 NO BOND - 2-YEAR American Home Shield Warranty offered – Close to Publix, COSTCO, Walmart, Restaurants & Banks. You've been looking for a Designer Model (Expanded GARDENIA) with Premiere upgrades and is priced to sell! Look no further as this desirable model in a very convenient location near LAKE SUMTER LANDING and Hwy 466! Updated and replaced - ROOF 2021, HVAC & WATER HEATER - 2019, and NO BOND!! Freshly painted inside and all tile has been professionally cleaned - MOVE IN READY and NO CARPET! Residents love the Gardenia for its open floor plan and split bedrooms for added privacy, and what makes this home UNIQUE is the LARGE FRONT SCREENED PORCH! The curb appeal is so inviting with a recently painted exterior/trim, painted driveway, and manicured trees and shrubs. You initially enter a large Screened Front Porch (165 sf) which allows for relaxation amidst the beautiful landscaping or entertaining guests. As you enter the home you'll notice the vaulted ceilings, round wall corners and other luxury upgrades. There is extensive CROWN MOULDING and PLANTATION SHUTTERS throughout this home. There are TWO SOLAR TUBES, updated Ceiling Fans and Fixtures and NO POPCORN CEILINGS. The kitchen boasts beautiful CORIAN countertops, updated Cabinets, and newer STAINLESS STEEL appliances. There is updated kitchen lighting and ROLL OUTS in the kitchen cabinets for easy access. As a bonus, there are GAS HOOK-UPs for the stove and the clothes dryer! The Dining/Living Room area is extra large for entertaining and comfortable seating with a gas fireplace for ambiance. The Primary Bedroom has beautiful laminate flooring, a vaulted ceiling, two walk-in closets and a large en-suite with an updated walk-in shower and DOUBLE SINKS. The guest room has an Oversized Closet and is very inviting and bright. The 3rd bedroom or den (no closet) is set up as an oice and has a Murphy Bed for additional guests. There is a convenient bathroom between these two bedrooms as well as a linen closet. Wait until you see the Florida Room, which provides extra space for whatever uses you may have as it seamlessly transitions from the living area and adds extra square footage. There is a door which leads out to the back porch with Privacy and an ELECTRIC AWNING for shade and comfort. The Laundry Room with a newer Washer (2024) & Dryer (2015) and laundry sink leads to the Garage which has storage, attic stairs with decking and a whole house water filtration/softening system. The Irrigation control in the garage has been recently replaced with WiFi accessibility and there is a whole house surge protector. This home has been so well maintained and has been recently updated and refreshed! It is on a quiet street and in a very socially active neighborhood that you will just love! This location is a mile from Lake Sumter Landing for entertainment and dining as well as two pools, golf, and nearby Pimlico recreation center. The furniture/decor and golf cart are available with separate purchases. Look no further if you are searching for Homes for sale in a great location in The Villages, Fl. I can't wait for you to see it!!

***

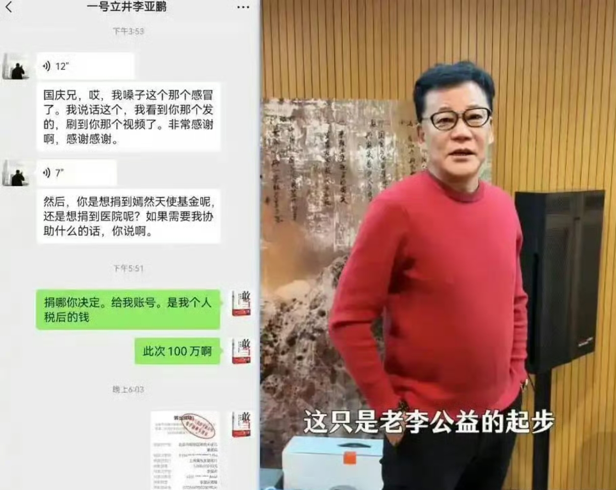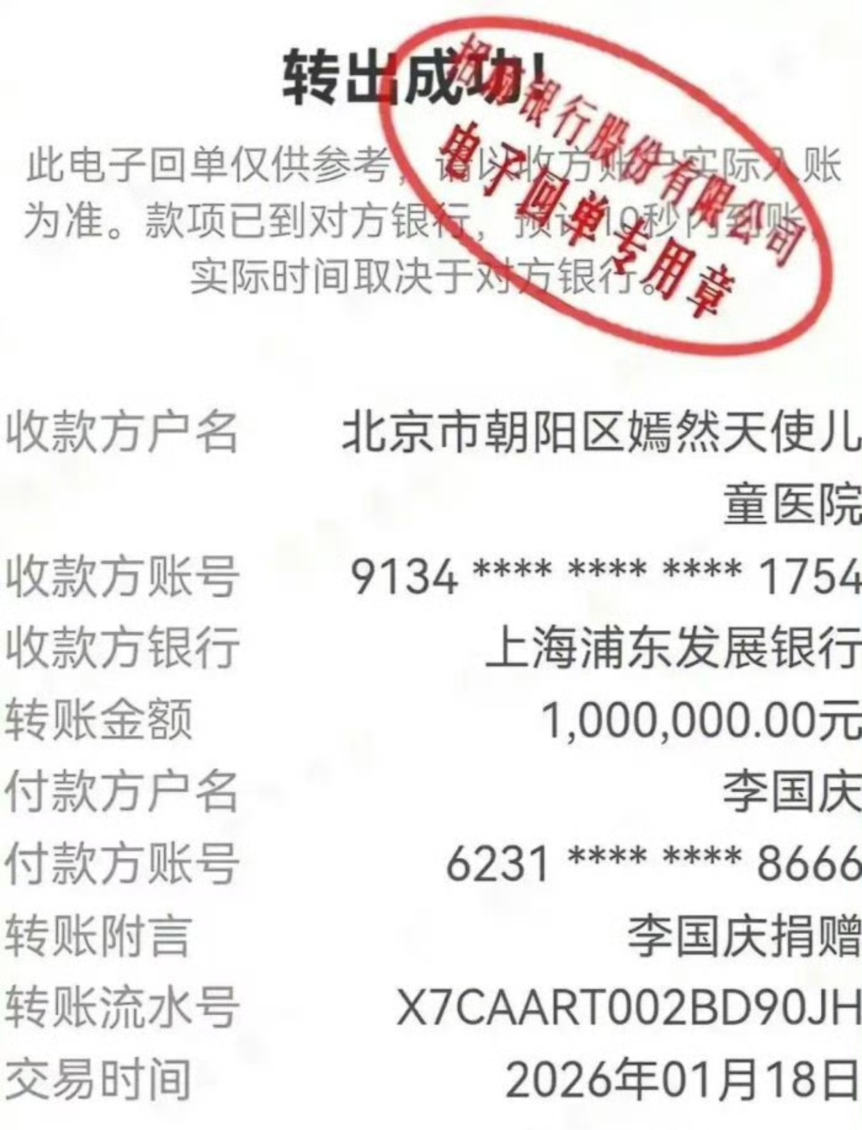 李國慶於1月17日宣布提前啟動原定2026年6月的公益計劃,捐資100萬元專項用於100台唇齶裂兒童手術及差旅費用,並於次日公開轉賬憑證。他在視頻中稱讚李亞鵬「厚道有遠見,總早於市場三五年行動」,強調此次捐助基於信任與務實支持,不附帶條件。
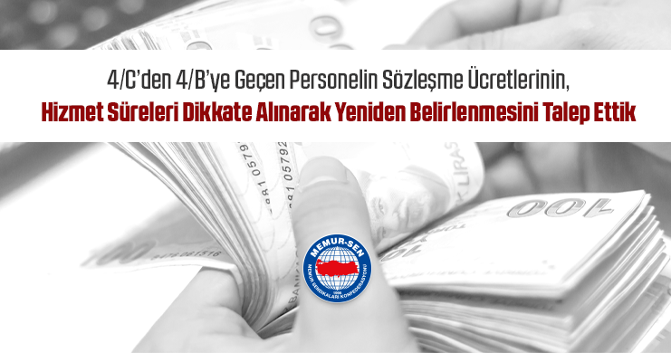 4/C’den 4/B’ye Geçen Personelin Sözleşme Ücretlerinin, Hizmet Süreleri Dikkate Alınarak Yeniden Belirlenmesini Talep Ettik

***

What to do >> Reproduce the data above exactly, but only from the line containing "李國慶於1月17日宣布提前啟" through the line containing "4/C’den 4/B’ye Geçen". Omit all pictures.

Response below >>
 李國慶於1月17日宣布提前啟動原定2026年6月的公益計劃,捐資100萬元專項用於100台唇齶裂兒童手術及差旅費用,並於次日公開轉賬憑證。他在視頻中稱讚李亞鵬「厚道有遠見,總早於市場三五年行動」,強調此次捐助基於信任與務實支持,不附帶條件。
 4/C’den 4/B’ye Geçen Personelin Sözleşme Ücretlerinin, Hizmet Süreleri Dikkate Alınarak Yeniden Belirlenmesini Talep Ettik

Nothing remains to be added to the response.